COVID-19: Respiratory Distress and the Overactive Immune Response
By Rowena Johnston, Ph.D.
amfAR’s Dr. Jeffrey Laurence publishes findings that could point the way to therapeutic interventions
Dr. Jeffrey Laurence is amfAR’s senior scientific consultant.One of the hallmark features of COVID-19 is shortness of breath that can become life-threatening. Until recently, it was thought that this respiratory distress was similar to classic acute respiratory distress syndrome, or ARDS, which can occur in pneumonia or after traumatic lung injury.
However, doctors noted that the respiratory distress seen in COVID-19 differs from classic ARDS in at least one important respect, namely that the lungs of COVID patients can still expand and contract the way healthy lungs do. The shortness of breath in COVID is due to the air sacs of the lungs becoming filled with fluid and dead cells. Therefore, the pathology in the lungs of COVID-19 patients was likely to differ substantially from that seen in other types of ARDS, including the original SARS epidemic.
amfAR’s senior scientific consultant for programs, Dr. Jeffrey Laurence, working with colleagues, was one of the first to describe this difference, and then to define the underlying immune mechanisms of the phenomenon. They discovered a strikingly high level of a complement—a set of proteins that facilitate clearance of infections—in small blood vessels.
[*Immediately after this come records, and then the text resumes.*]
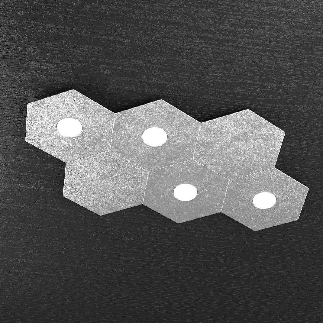 Kollektion von sechseckigen Lampen aus Metallplatten, die in verschiedenen Ausführungen lackiert sind, WEISS, GRAU, SAND, BRAUN, GRAU, ANTHRAZIT, SILBERBLATT, GOLDBLATT oder KUPFERBLATT. Die Deckenleuchte ist mit vier GX53-Lampenfassungen für max. 9W LED-Lampen ausgestattet.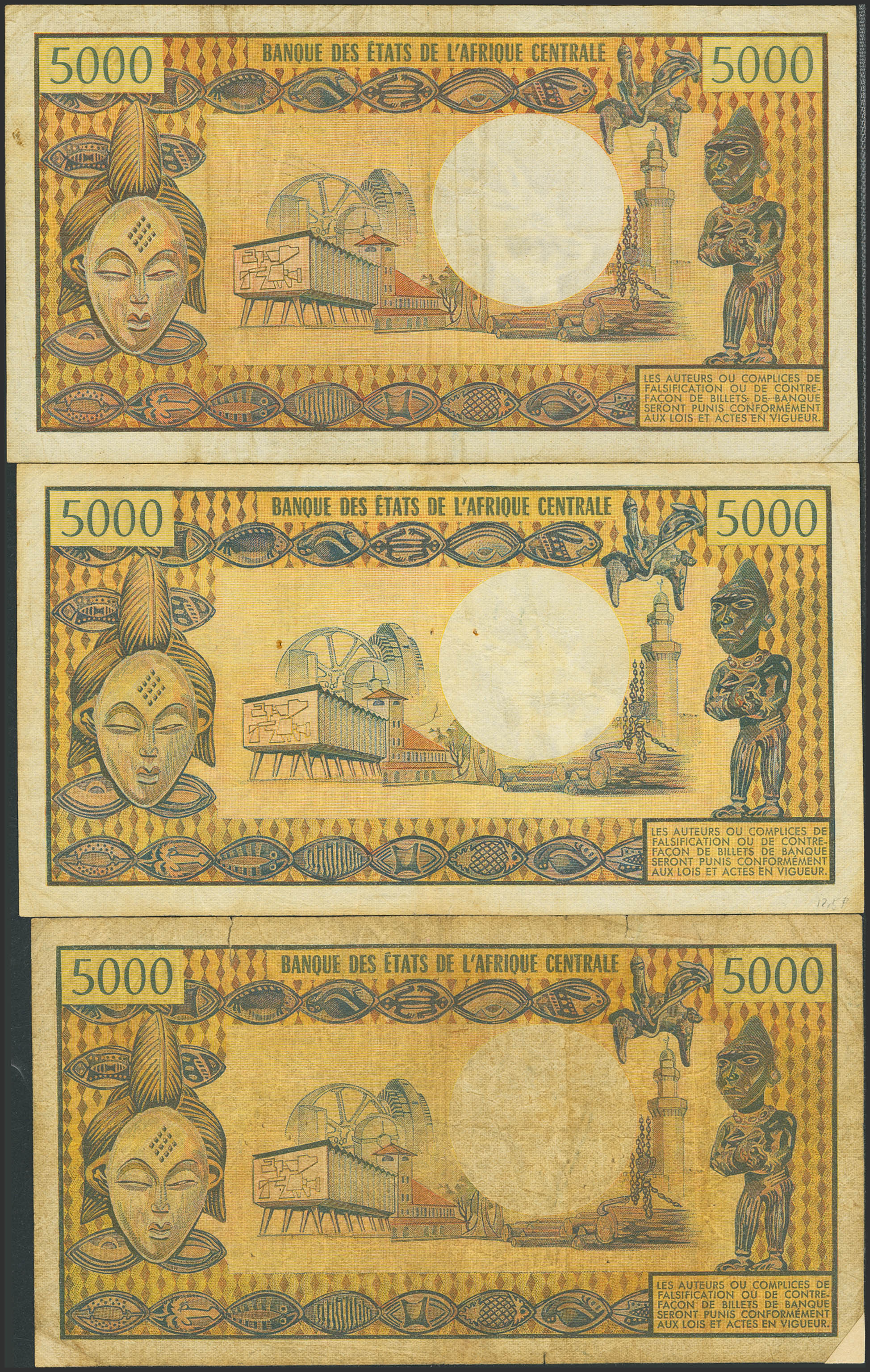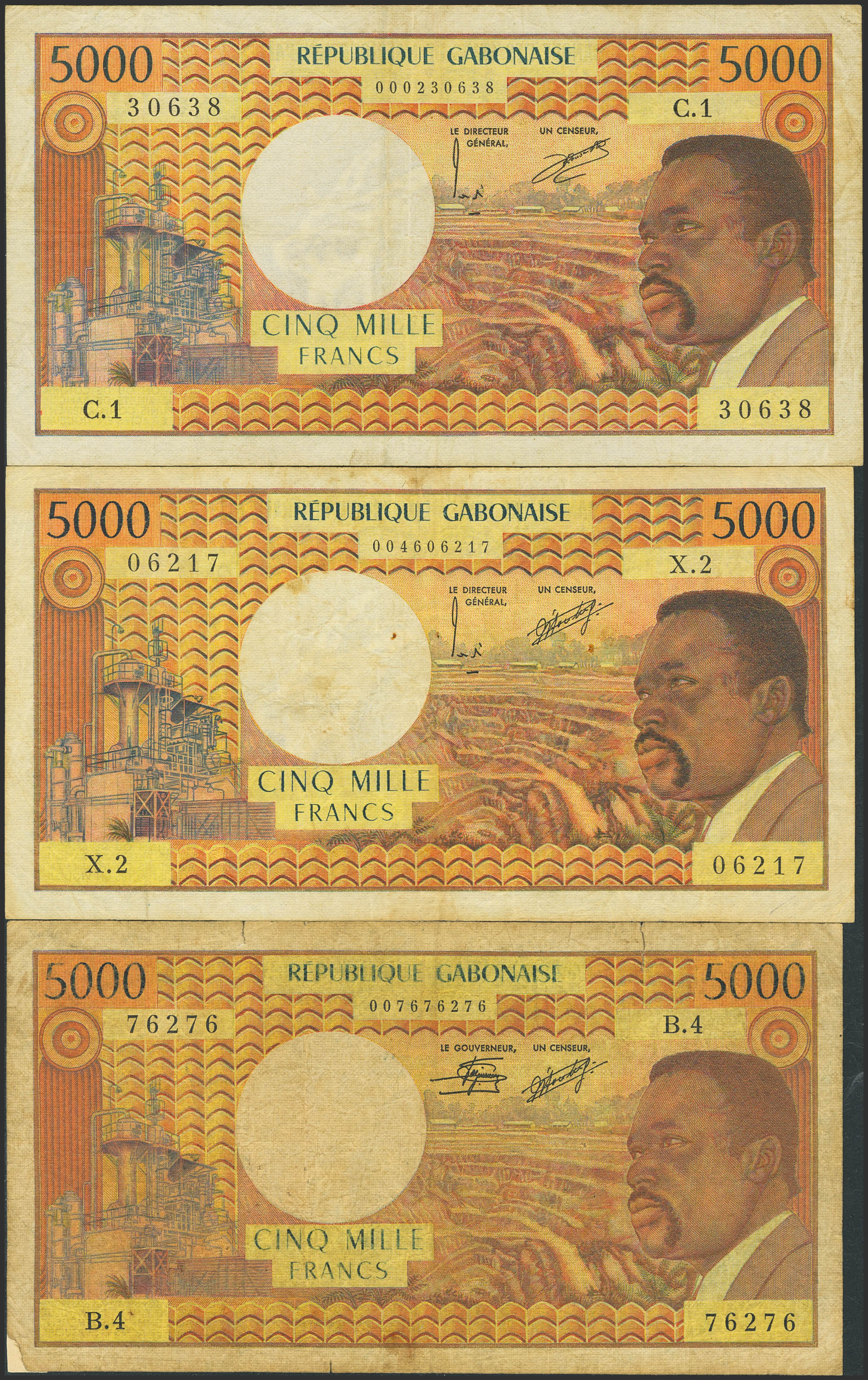 GABON. Lot of 3 notes of 5000 Francs. (1974ca). Banque des Etats de l'Afrique Centrale. (Pick: 4a, 4b, 4c). Adhesive paper added over missing corner on one of them. Fine and Very Fine (2).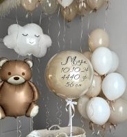В набор входят: фольгированный мишка и облачко, которые привносят уют и нежность в оформление, а также шар дабл стафф «стеклянный» с индивидуальной надписью — идеальный способ запечатлеть важные данные о малыше (имя, дата, вес, рост). Композицию дополняют 10 латексных шаров под потолок, создающих праздничную атмосферу, и фонтан из 10 латексных шаров, придающий объём и завершённость. Шары наполняются гелием и фиксируются, чтобы радовать долгое время.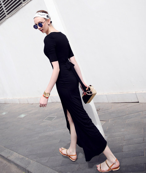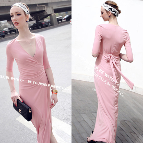 Online Red Spring Autumn New European Station Beauty Sexy Nightclub to fix Modale's body with a fork long skirt chic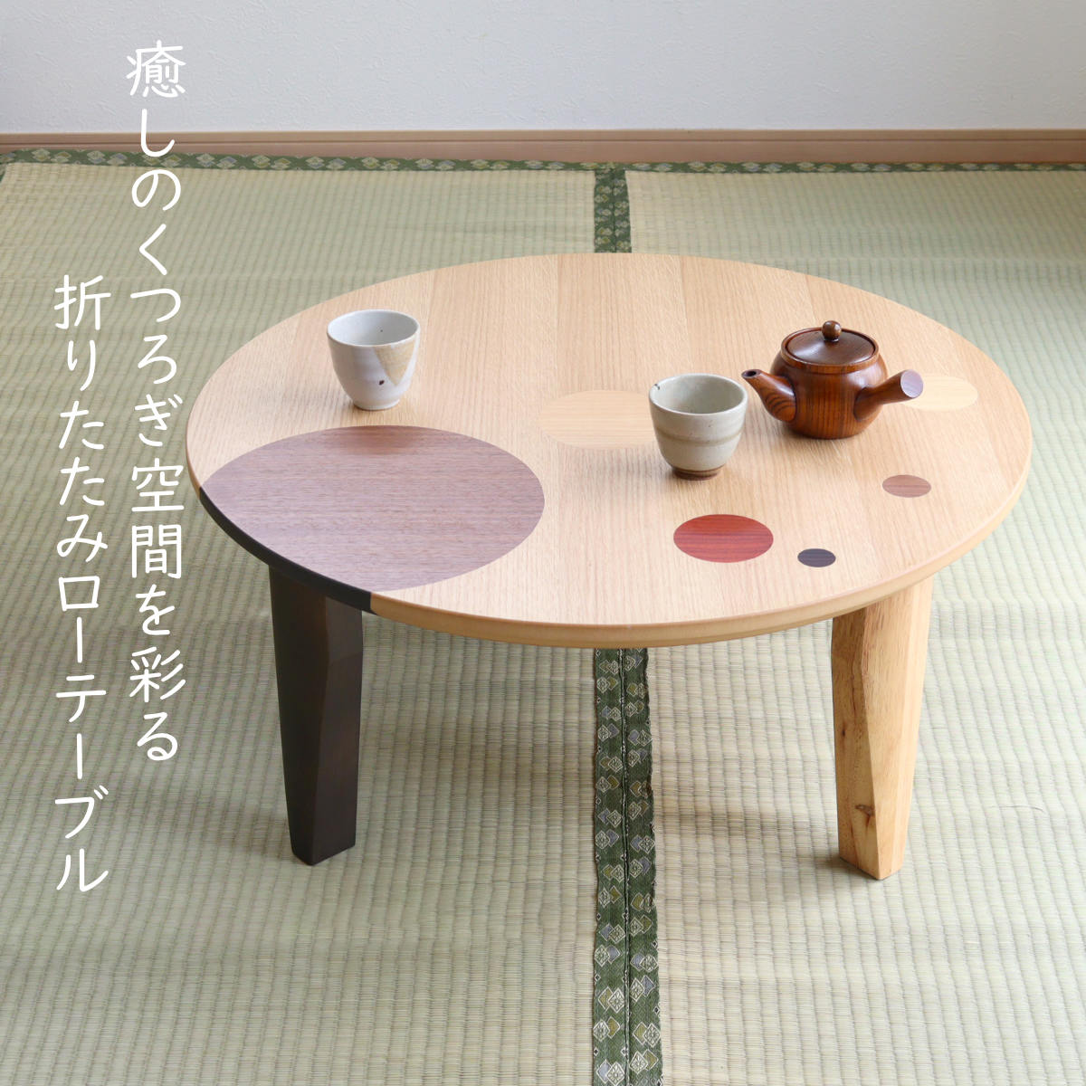 ローテーブル 折りたたみ 円型 直径75cm アース ( ナラ 象嵌入り 突板仕上げ 日本製 和風 円卓 ちゃぶ台 テーブル 天然木 木製 折り畳み 丸 1~2人用 円 ドット バイカラー 食卓 かわいい 和室 リビングテーブル 木製テーブル )【39ショップ】 |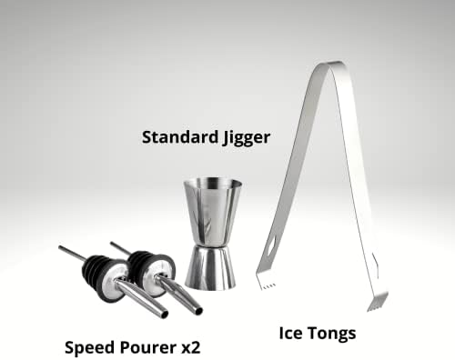 - Everything You Need: The ACCOUTREMENT complete bar shaker set includes all the accessories you need, such as 2 cocktail shakers, cocktail strainer, muddler, jigger, stirring spoon, ice tongs, and 2 pourers.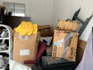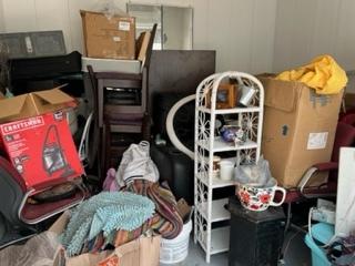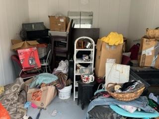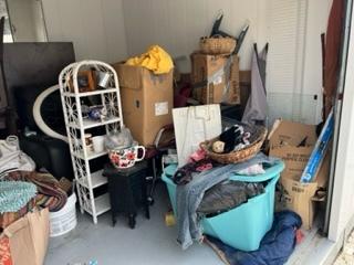 This unit appears to contain…Toolbox, tools, couches, shelving, nightstands, lamps, chairs, tables, kitchenware, decor, plastic bags, plastic containers, misc boxes, clothing, sports gear, suitcases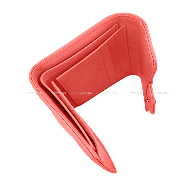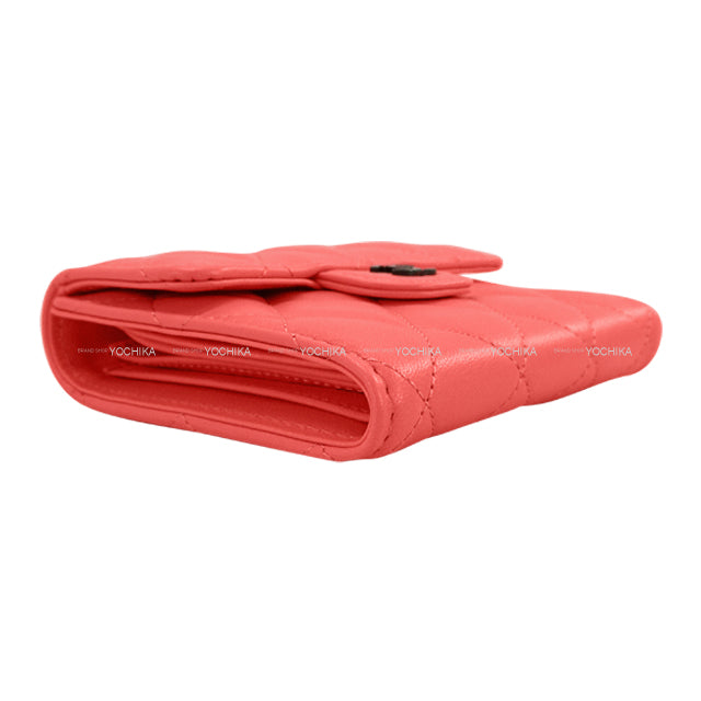 CHANEL Tri-fold wallet Classic Matelasse COCO mark with Coin Case Small Flap Pink Lambskin Black HW AP0231[ALMOST NEW][Authentic]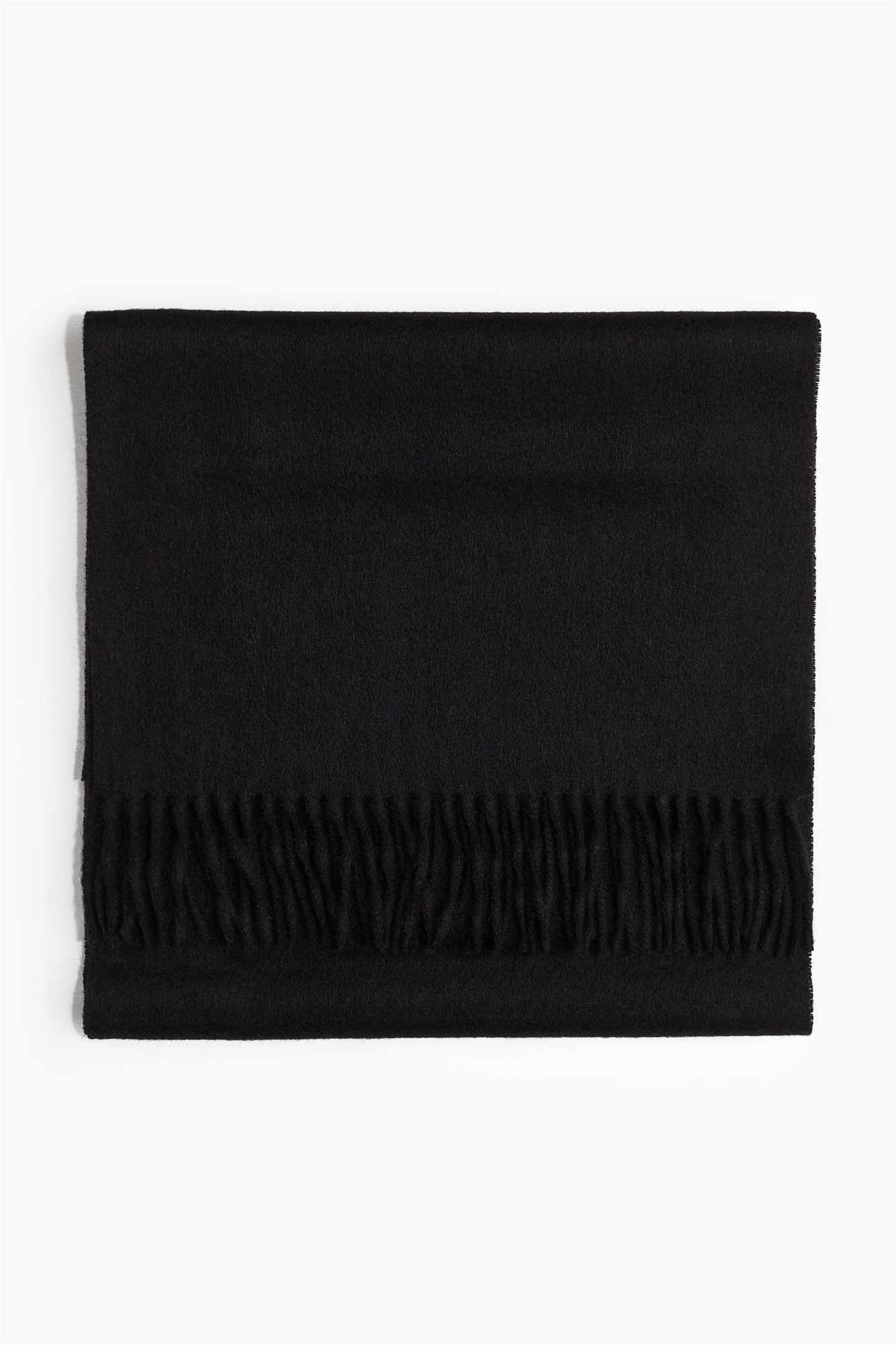 Шарф из мягкого кашемира тонкой вязки с бахромой по коротким сторонам.

More specifically, they identified a precise collection of complement and associated proteins that appear to play an important role in the overactive immune response that characterizes the severe manifestations of COVID-19. These findings point the way to potential therapeutic interventions to help prevent mortality in COVID-19.
The research was published in the April 15 issue of Translational Research and was featured in a news story in the prestigious journal Nature.
Dr. Johnston is vice president and director of research at amfAR.